Institute of Pharmacology & Toxicology and Biochemical Pharmaceutics, College of Pharmaceutical Sciences, Zhejiang University, 866 Yu-hang-tang Road, Hangzhou, China.
Experiment Education Center for Pharmaceutical Sciences, Zhejiang University, Hangzhou, China.
J Ethnopharmacol. 2015 May 26;166:168-75. doi: 10.1016/j.jep.2015.03.014. Epub 2015 Mar 17.
The radix of Acorus calamus L. (AC) is widely used in diabetes therapies in traditional folk medicine from America and Indonesia, and we have previously reported that the ethyl acetate fraction of AC (ACE) acts as an antidiabetic through insulin sensitizing, insulin releasing and alpha-glucosidase inhibitory activities. The present study is designed to investigate the effects and molecular mechanisms of ACE on glucagon-like peptide-1 (GLP-1) expression and secretion related to its hypoglycemic effects.
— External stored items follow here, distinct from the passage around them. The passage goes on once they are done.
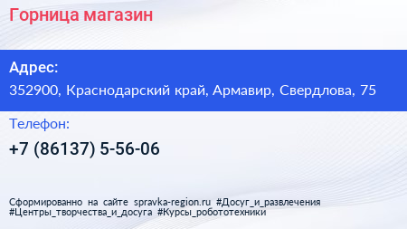 Горница, магазин по адресу 352900, Краснодарский край, Армавир, Свердлова, 75 в дальнейшем Организация, размещена в следующих категориях: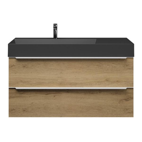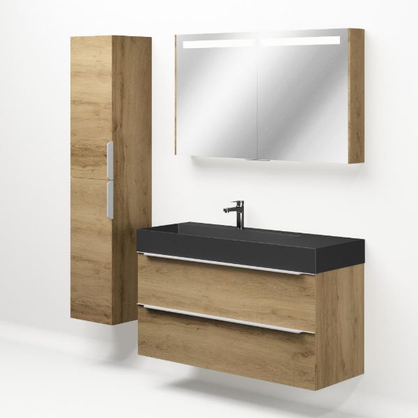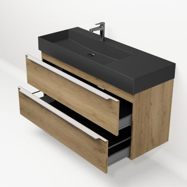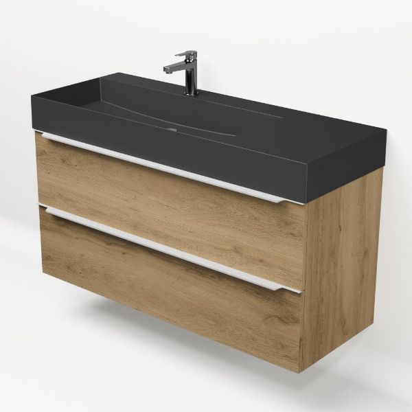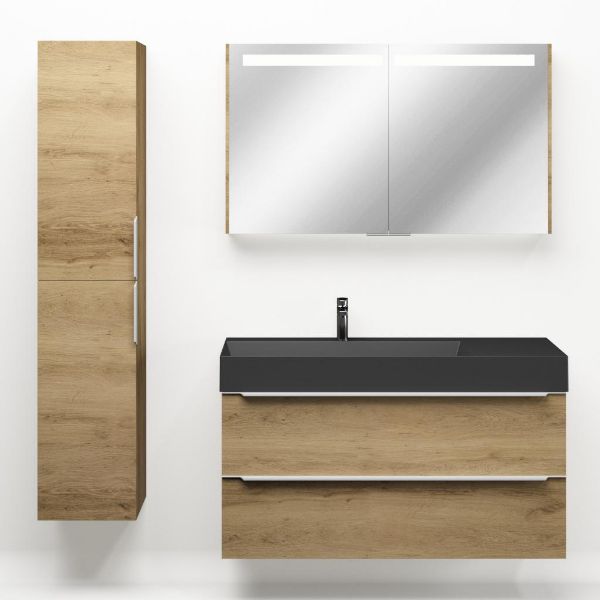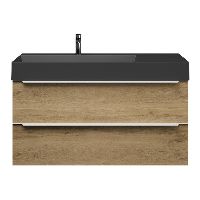 | Bellanti Lucilla/Azzurra badmeubel 120x46 2 softclose laden warm eiken met greep naar keuze keramische wastafel links antraciet mat met 1 kraangat |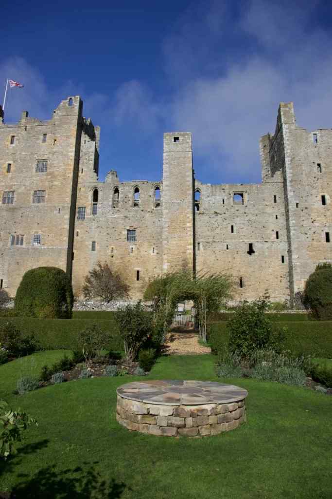 The back garden at Castle Bolton, with the sun shining.

The hypoglycemic effect of ACE (100mg/kg, i.g.) was confirmed by testing blood glucose levels or via oral glucose tolerance test (OGTT) in streptozotocin (STZ) induced hyperglycemic mice, db/db diabetic mice and diet-induced obese (DIO) mice. Plasma insulin, GLP-1 levels and intestinal GLP-1 related gene expression were determined in STZ-induced and db/db diabetic mice. The in vitro effects of ACE (12.5μg/ml) on the expression and secretion of GLP-1 were detected in NCI-H716 intestinal L-cells, and the correlation between ACE and molecules in the Wnt signaling pathway was further explored.
ACE (100mg/kg) significantly lowered fasting blood glucose in STZ-induced and db/db diabetic mice and improved the OGTT in DIO mice. Insulin releasing and islet protective effects, along with the increased secretion of GLP-1, were observed. The expression of proglucagon gene (gcg) and post-translational processing gene prohormone convertase 3 (pc3) and the GLP-1 content in the culture medium of L-cells notably increased after the ACE treatment (12.5μg/ml). At the same time, β-catenin nuclear translocation occurred, and its downstream protein cyclin D1 was activated, showing the involvement of Wnt signaling.
ACE might activate Wnt signaling to increase the gene expression of gcg and pc3 and exert incretin effects, including insulinotropic and islet protection, to lower blood glucose levels via elevated GLP-1 secretion either directly or indirectly.
菖蒲根茎(AC)广泛应用于美国和印度尼西亚传统民间医学中的糖尿病治疗,我们之前报道过 AC 的乙酸乙酯部分(ACE)通过胰岛素增敏、胰岛素释放和α-葡萄糖苷酶抑制活性发挥抗糖尿病作用。本研究旨在探讨 ACE 对胰高血糖素样肽-1(GLP-1)表达和分泌的影响及其与降血糖作用的分子机制。
通过检测血糖水平或通过链脲佐菌素(STZ)诱导的高血糖小鼠、db/db 糖尿病小鼠和饮食诱导肥胖(DIO)小鼠的口服葡萄糖耐量试验(OGTT),证实 ACE(100mg/kg,ig)的降血糖作用。测定 STZ 诱导和 db/db 糖尿病小鼠的血浆胰岛素、GLP-1 水平和肠 GLP-1 相关基因表达。检测 ACE(12.5μg/ml)对 NCI-H716 肠 L 细胞 GLP-1 表达和分泌的体外作用,并进一步探讨 ACE 与 Wnt 信号通路中分子的相关性。
ACE(100mg/kg)显著降低 STZ 诱导和 db/db 糖尿病小鼠的空腹血糖,改善 DIO 小鼠的 OGTT。观察到胰岛素释放和胰岛保护作用,以及 GLP-1 的增加分泌。ACE 处理(12.5μg/ml)后,L 细胞中 proglucagon 基因(gcg)和翻译后加工基因 prohormone convertase 3(pc3)的表达以及培养基中的 GLP-1 含量明显增加。同时,β-连环蛋白核易位,其下游蛋白 cyclin D1 被激活,表明 Wnt 信号通路的参与。
ACE 可能通过激活 Wnt 信号增加 gcg 和 pc3 的基因表达,通过增加 GLP-1 分泌发挥肠促胰岛素作用,包括胰岛素增敏和胰岛保护,从而降低血糖水平,无论是直接还是间接。